Rav ‘Haïm Friedlander souligne que la soumission à Hachem et la conscience que tout nous vient de Lui est la seule source de la vraie Sim’ha (Sifté ‘Haïm, Moadim I, p.330). Tant que l’homme croie en sa propre maîtrise de sa situation, il est en proie à une angoisse permanente face aux risques encourus.
La Souca est donc la « médication » appropriée menant de l’inquiétude à la Sim’ha, et de la Gaava (orgueil) à la véritable Anava (réserve) issue de la conscience de la Toute Puissance exclusive de Hachem.
Dans ce sens, la Souca remplit le même rôle que la Galout, ramener l’homme à la juste proportion des choses de la vie, mais « en douceur » !
L’inconfort de la précarité de la Souca est, somme toute, très modique, même dans les cas extrêmes, comparé à celui de la vraie Galout. Et d’un autre côté, même un inconfort aussi réduit peut nous servir d’éveil, si nous le concevons ainsi.
Nous pouvons comprendre également « l’entêtement » de nombre de Juifs à accomplir cette Mitsva dans les conditions les plus dramatiques, dans les persécutions les plus dures. Précisément dans de telles situations, le sens profond de l’existence apparaissait plus clairement, et justifiait d’un tel effort.
Ajoutons que le besoin de soumission que représente la Souca peut expliquer le contraste entre le premier soir et la suite de Soucot. Pendant Soucot, la Mitsva est limitée aux conditions normales d’existence, et si un inconfort extérieur à la constitution même de la Souca est tel qu’on aurait quitté pour cela sa maison, la Mitsva s’estompe (Choul’han Aroukh, Ora’h ‘Haïm, 639,5).
Le Rama rapporte que selon divers décisionnaires le premier soir il y a, par contre, une obligation absolue de manger un « Cazayit » (une mesure minimum de « manger » selon la Torah) dans la Souca, même s’il pleut.

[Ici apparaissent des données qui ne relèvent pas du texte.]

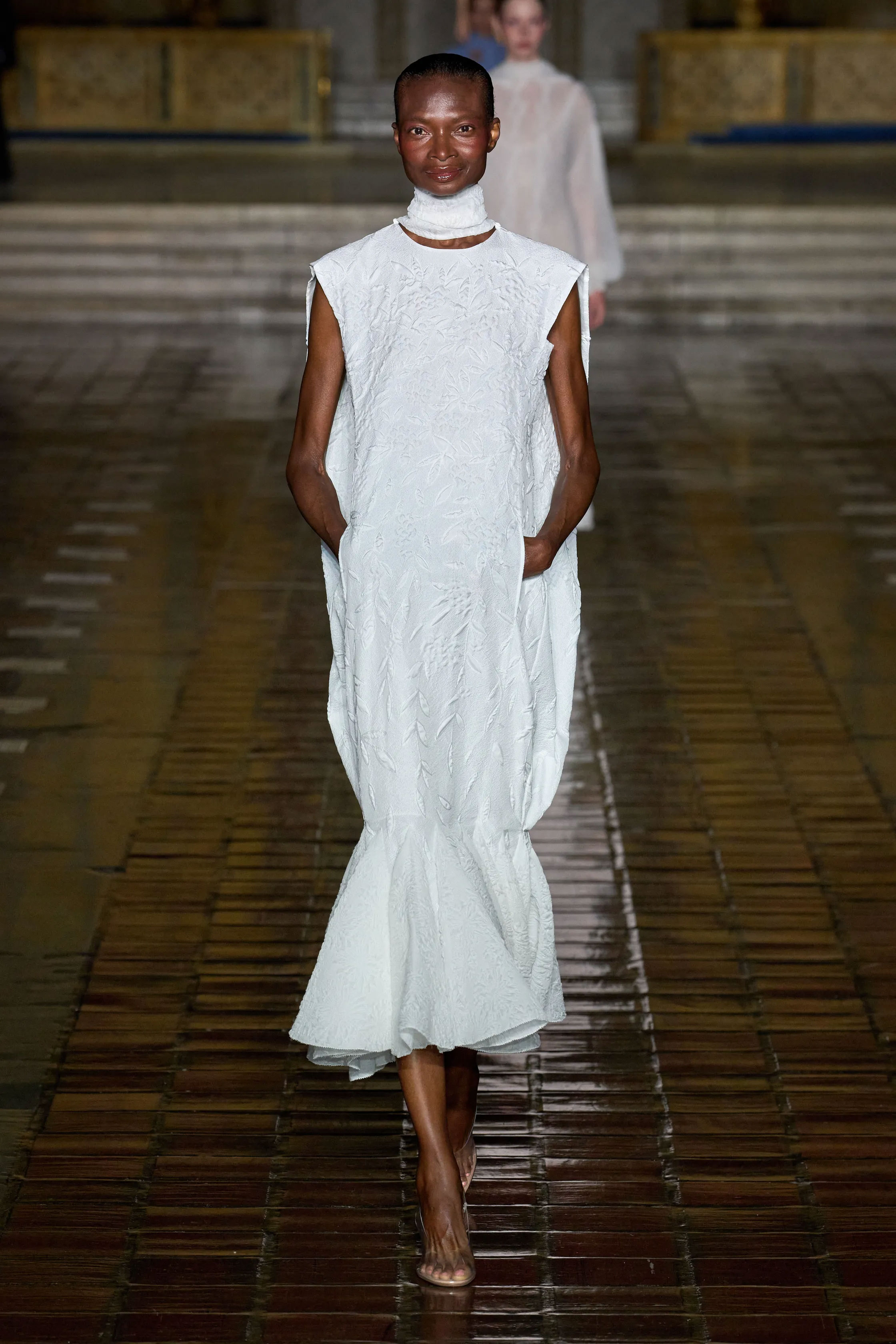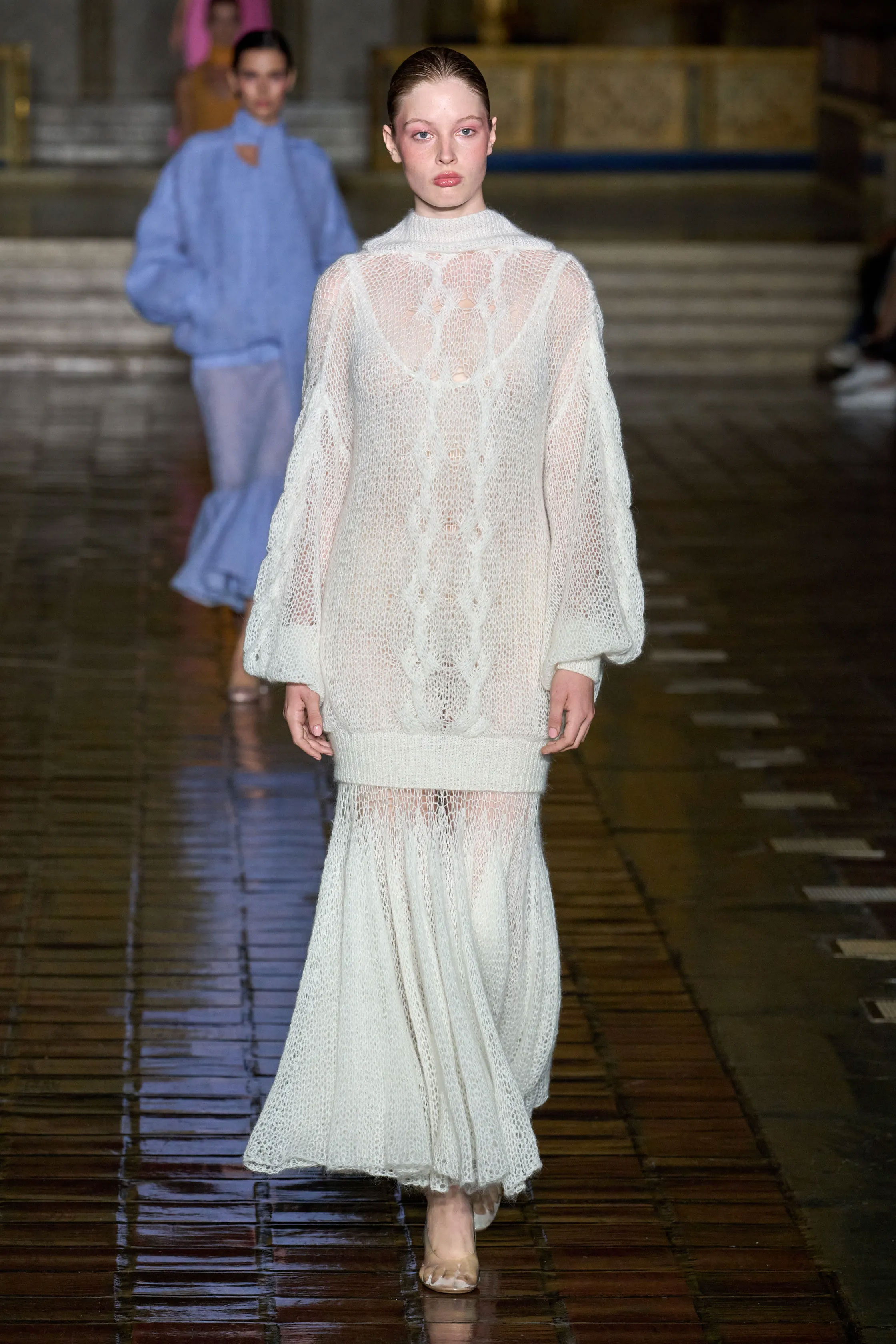 Показ Prabal Gurung відбувся у храмі Святого Варфоломія на Парк-авеню й отримав назву Angels in America. У колекції дизайнер звернувся до теми надії як форми спротиву — ідеї, яка звучала і в його цьогорічних мемуарах Walk Like a Girl. На подіумі це втілилося у вільних сукнях без рукавів, що звужувалися до колін і розкривалися об’ємними силуетами, у повітряних мереживних светрах-блузах, поєднаних із широкими брюками, та вечірніх образах — від суконь без бретельок до моделей з об’ємними спадаючими спинами.
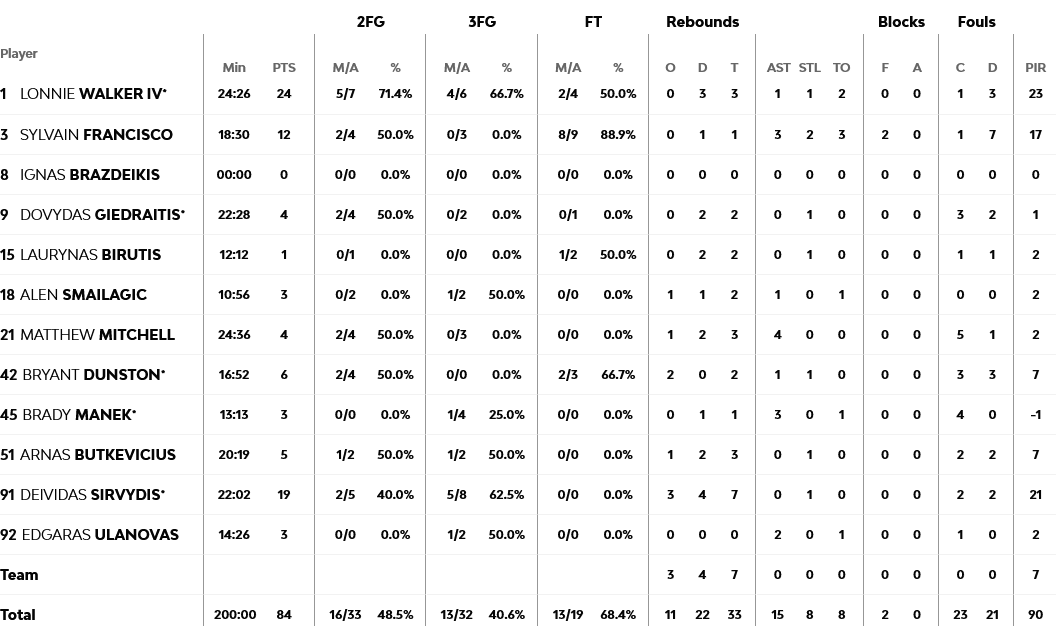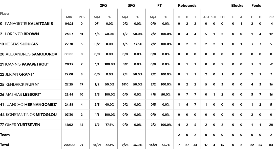 Ξεχώρισαν: «Καυτός» Σιρβίντις με 19 πόντους και 5/8 τρίποντα, ενώ ο Φρανσίσκο είχε 12 πόντους. Για τον Παναθηναϊκό, ο Ναν είχε 19 πόντους και ο Γιούρτσεβεν 16.

Bien que cette opinion ne résulte pas d’une justification logique mais qu’elle est basée sur l’analogie avec la Matsa du premier soir de Pessa’h, et qu’elle est, de plus, controversée par d’autres autorités, nous pouvons peut-être y voir une gradation dans l’entrée dans la Souca. La Souca doit revêtir les caractéristiques de notre habitat régulier, et de ce fait, lorsque les conditions la rendent inconfortable au point que dans une telle situation nous quitterions notre logement, nous sommes dispensés de la Mitsva.
La Mitsva de Souca doit être la vitrine de notre quotidien ordinaire que nous devons vivre sous la protection Divine.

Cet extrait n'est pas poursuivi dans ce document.